Question

Describe the hybridisation in case of $PC{l}_5$. Why are the axial bonds longer as compared to.

Answer 1

The ground state and the excited state outer electronic configuration of phosphorus $(Z=15)$ are $1s^{2}2s^{2}2p^{6}3s^{2}3p^3$ and $1s^{2}2s^{2}2p^{6}3s^{1}3p^{3}3d^1$ respectively.

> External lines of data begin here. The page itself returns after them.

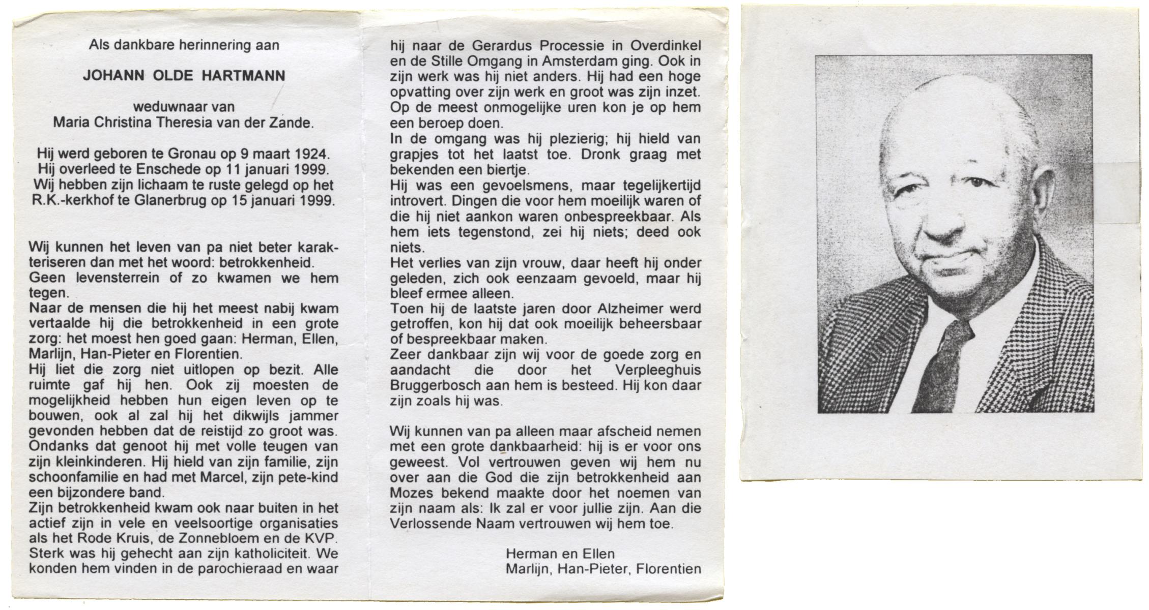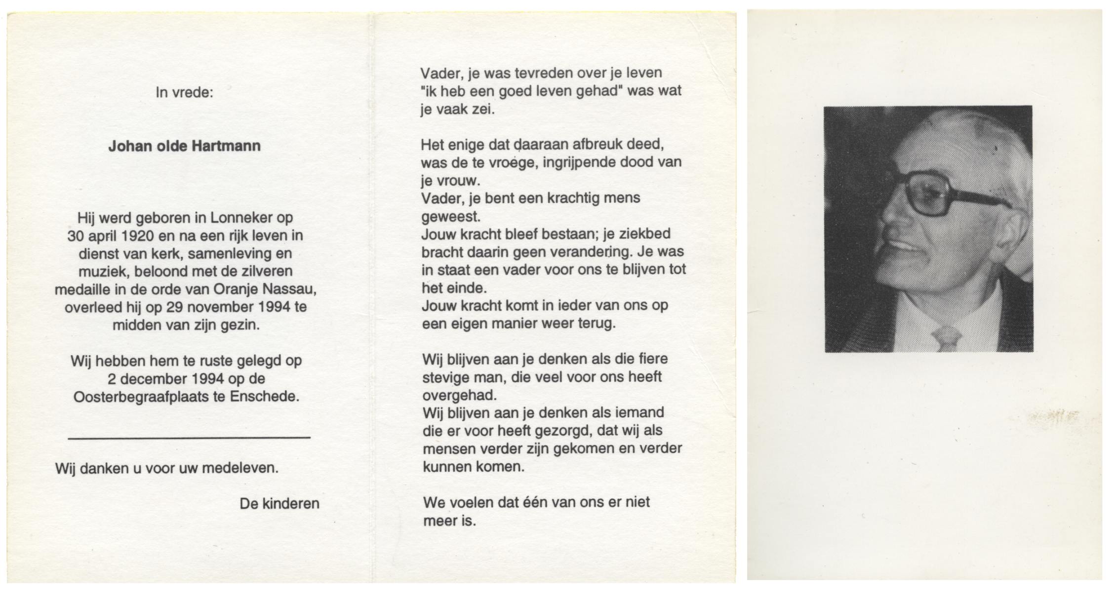 OLDE HARTMANN, Johan, geboren op 30-4-1920 te Lonneker, overleden op 29-11-1994 te Enschede op 74-jarige leeftijd, begraven op 2-12-1994 te Enschede.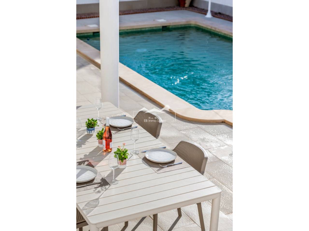 Esta hermosa villa independiente se encuentra en Ciudad Quesada, a solo 5 minutos a pie del centro, ofreciendo comodidad y privacidad. La propiedad se asienta sobre una generosa parcela de 500 m² y cuenta con 146 m² de superficie construida. La casa se distribuye en tres amplios dormitorios y dos baños, el principal con baño en suite. La villa cuenta con un amplio y luminoso salón-comedor con abundante luz natural, creando un ambiente cálido y acogedor. La cocina independiente tiene acceso directo a la parte trasera de la propiedad, donde encontrará una piscina privada, una cocina exterior y acceso al solárium, perfecto para disfrutar del estilo de vida mediterráneo. Desde el lateral de la cocina, también se accede directamente al garaje interior y a un versátil espacio debajo del garaje. Esta zona es ideal para usarse como dormitorio adicional, zona social o de ocio, o como un acogedor estudio/oficina. El exterior rodea toda la casa y cuenta con árboles frutales, proporcionando un ambiente agradable y privado. La propiedad ha sido recientemente renovada y se presenta en perfecto estado, lista para entrar a vivir. Esta propiedad es una excelente oportunidad tanto para vivienda permanente como para inversión en una de las zonas más cotizadas de Ciudad Quesada.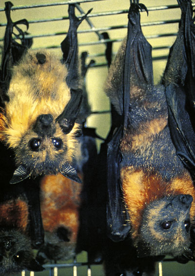 Subsequent seroepidemiological testing for Hendra virus in a large number of human contacts of these three people was completely negative.5 Seroepidemiological studies of more than 2000 horses and more than 5000 samples from 46 other animal species in Queensland also failed to identify a single Hendra virus infection.6 However, antibody to Hendra virus was found in 20 of 224 serum samples from four species of fruit bats from as far north as Madang, Papua New Guinea, and as far south as Melbourne.7 Fruit bats (Box 2) now seem a likely source of Hendra virus, although they appear to be asymptomatically infected.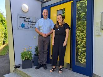 Bürgermeister Mark Bagus und Kita-Leitung Corina Schuster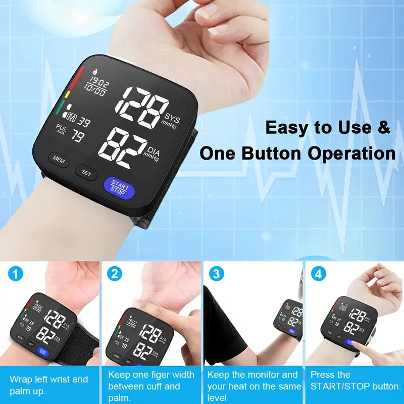 Automatic Digital Wrist Blood Pressure Monitor with Large Display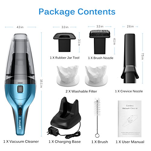 【POWERFUL & CYCLONIC SUCTION】With battery peaks at 14.8 volts and 100W motor, among the higher voltages of any handheld vacuum, Holife vac has enough suction to pick up Cheerios, road grit, and other common debris pretty quickly which makes it the strongest cleaner and the best value in its class. Please note: Turn off the machine when charging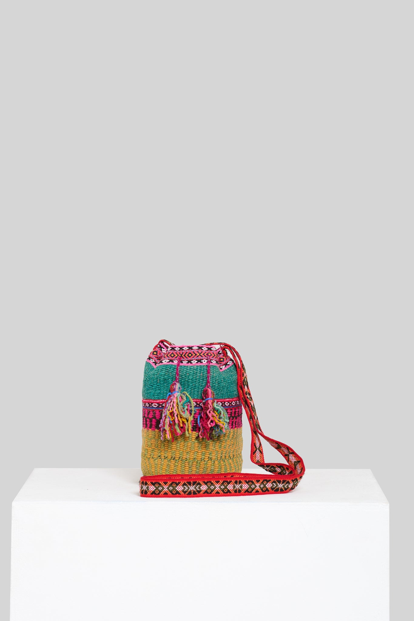 Secchiello in lana multicolor, interamente realizzato a mano dalle donne artigiane del Perù, specificamente della regione del Cuzco.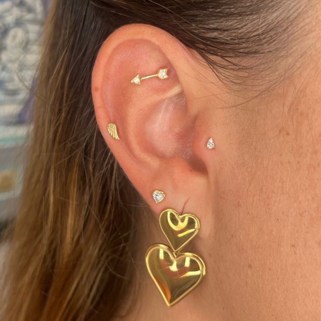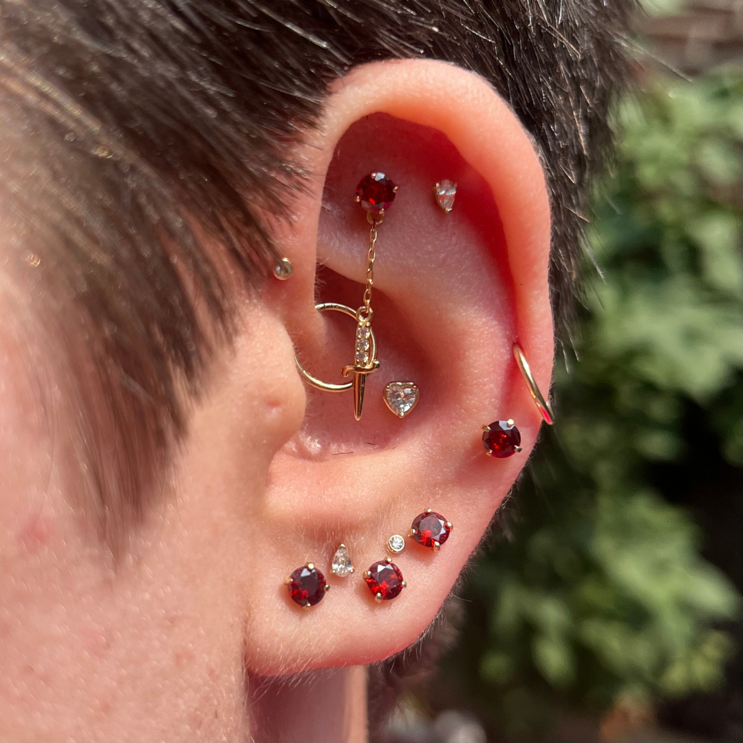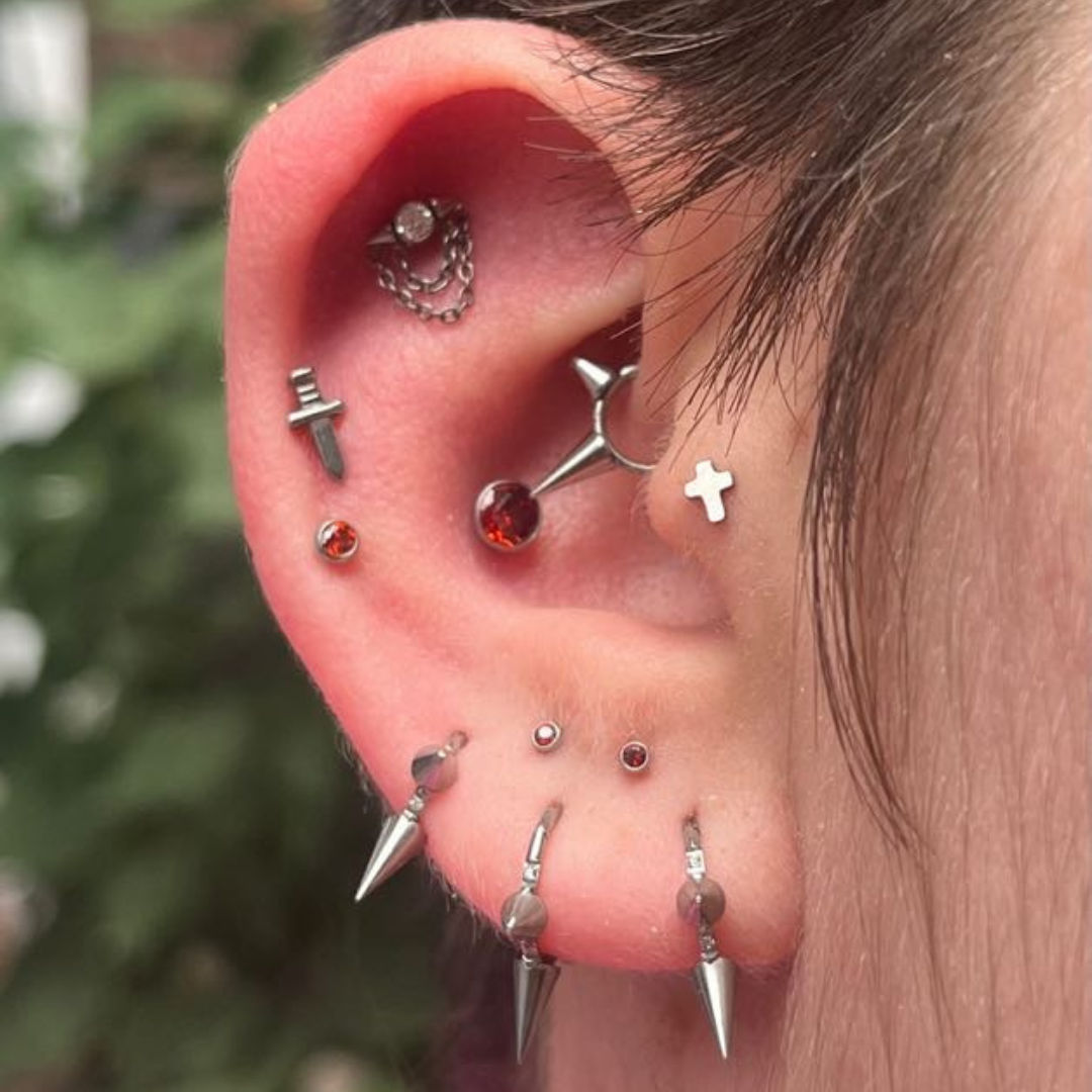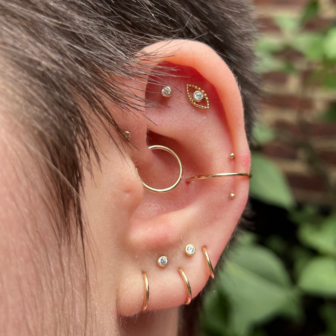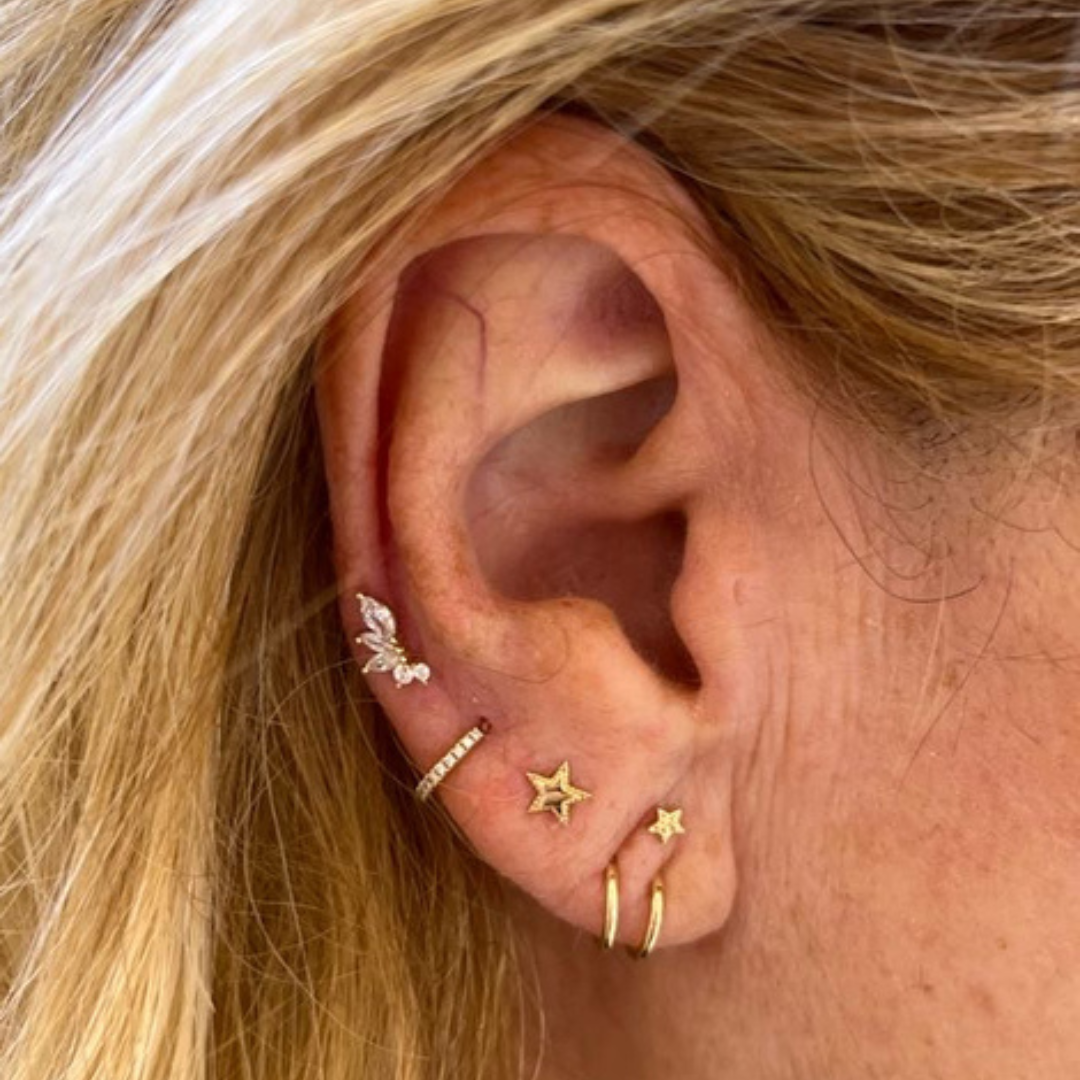 Check out some of our curated ear styling examples below! These photos feature both our team members and amazing customers who let us design their ear setups. Most of the earrings shown are available for purchase right here at our studio!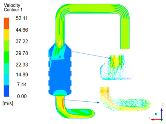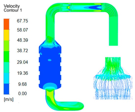 The degree of the selective catalytic reduction reaction of the SCR system is affected by the flow rate of tail gas and mixing uniformity, so the initial scheme is to set a diversion device in the intake bend section. Make Section 1 (XZ section, Y = 0) of the SCR system through the central axis (As shown in Figure 6) and analyze the velocity distribution cloud map of this section (As shown in Figure 7). It can be observed that, compared to the part where the guide plate is added, the velocity uniformity of the exhaust gas at the outlet bend is poor, and the velocity near the bend area and outside the outlet pipe wall is higher. The exhaust gas is affected by the contraction section of the reactor, causing a decrease in pressure and an increase in flow rate, resulting in limited gas directional ability. Afterwards, under the influence of inertial force, it flows forward through the bent pipe section until it collides with the outer pipe wall and changes direction, causing fluid separation and resulting in lower flow velocity below the bent pipe. After mixing with the outside fluid, the flow rate on the lower side of the outlet pipe is higher and then gradually decreases due to the influence of viscosity. After the gas hits the wall and changes direction, it mixes with the outside fluid. The flow velocity of the pipeline and the outside wall of the reactor is faster and enters the outside direction of the reactor. However, due to inertia, the gas did not mix evenly in the flare-up section in time, and the gas flow and velocity on both sides were low, so a vortex was formed on both sides of the conical head of the reactor.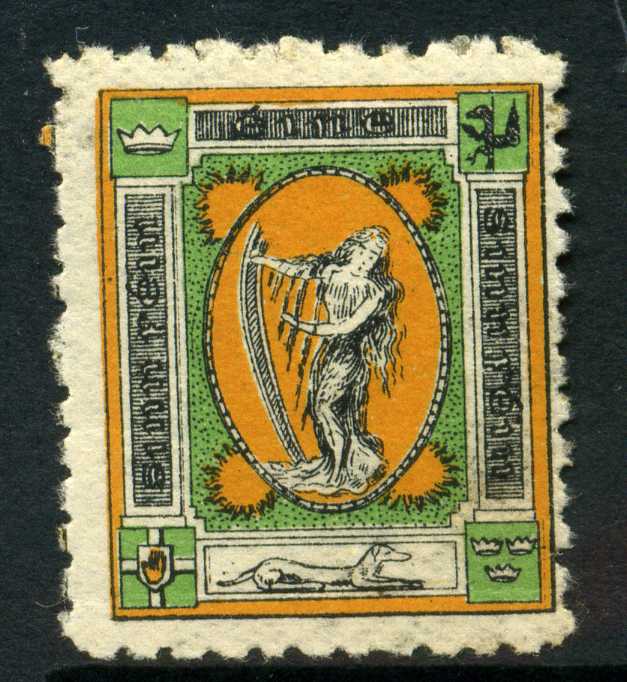 POL014Image | 1907-16 Sinn Fein Propoganda Label Female with Harp Narrow Crown top right corner example used with manuscript cancel and scarce. | 40 |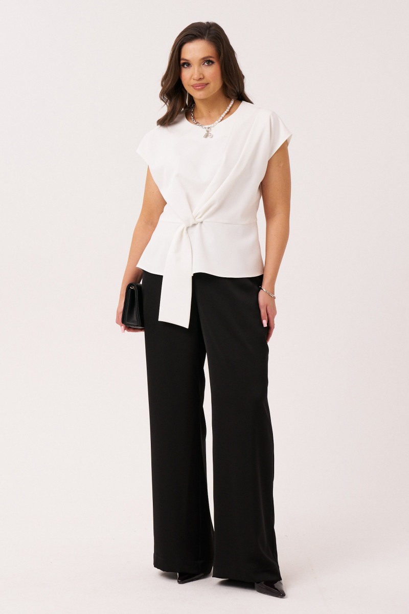 Женский костюм (блузка, брюки) 102020 (Молочно-черный)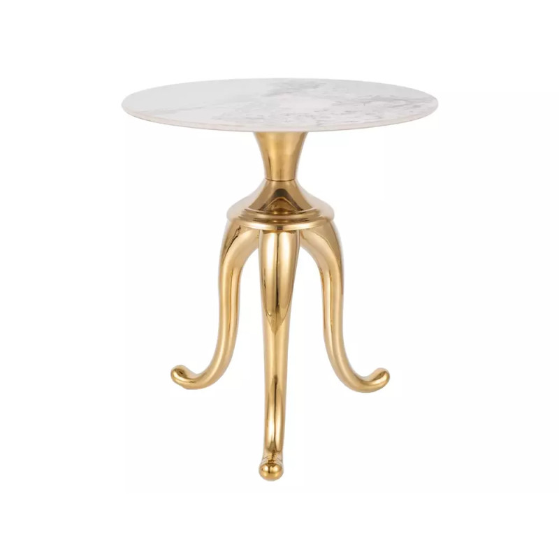 Ława Snake to efektowny, nowoczesny stolik łączący elegancję marmurowego wykończenia z luksusowym akcentem złotej stali nierdzewnej. Okrągły blat w kolorze biały połysk z subtelnym efektem marmuru nadaje meblowi wyjątkowego charakteru, a stabilny metalowy stelaż w odcieniu złota podkreśla jego ekskluzywny wygląd. Ława świetnie sprawdzi się w salonach urządzonych w stylu glamour, nowoczesnym lub eklektycznym.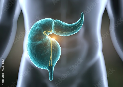 #1777198010Human Digestive System Highlighting Stomach in Medical 3D Illustration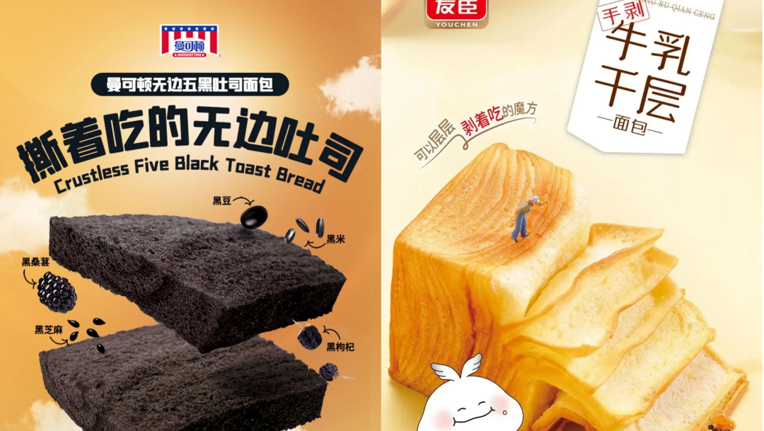 「曼可顿」推出「无边五黑吐司面包」,产品添加黑豆、黑米、黑枸杞、黑桑葚和黑芝麻,去除烘烤硬边,纵享面包松软体验。「友臣」推出「手剥牛乳千层面包」,采用中种法冻面工艺和24层起酥工艺,每一层都充分发酵烘烤,可以一层一层撕着吃,适合早餐、户外充饥等多种场景。

Now the five orbitals are available for hybridisation to yield a set of five $s{p}^{3}d$ hybrid orbitals which are directed towards the five corners of a trigonal bipyramidal. It should be noted that all the bond angles in trigonal bipyramidal geometry are not equivalent . In $PC{l}_5$, the five $s{p}^{3}d$ orbitals of phosphorus overlap with the singly occupied $p$ orbitals of chlorine atoms to from five $P-Cl$ sigma bond. Three $P-Cl$ bond lie in one plane and make an angle of ${120}^o$ with each other, these bond are termed as equatorial bonds. The remaining two $P-Cl$ bonds one lying about and the other lying below the equatorial plane, make an angle of ${90}^o$ with the plane. These bonds are called axial bonds. s axial bonds suffer more repulsion than equatorial bond, these are found to be slightly longer and hence slightly weaker than equatorial bonds.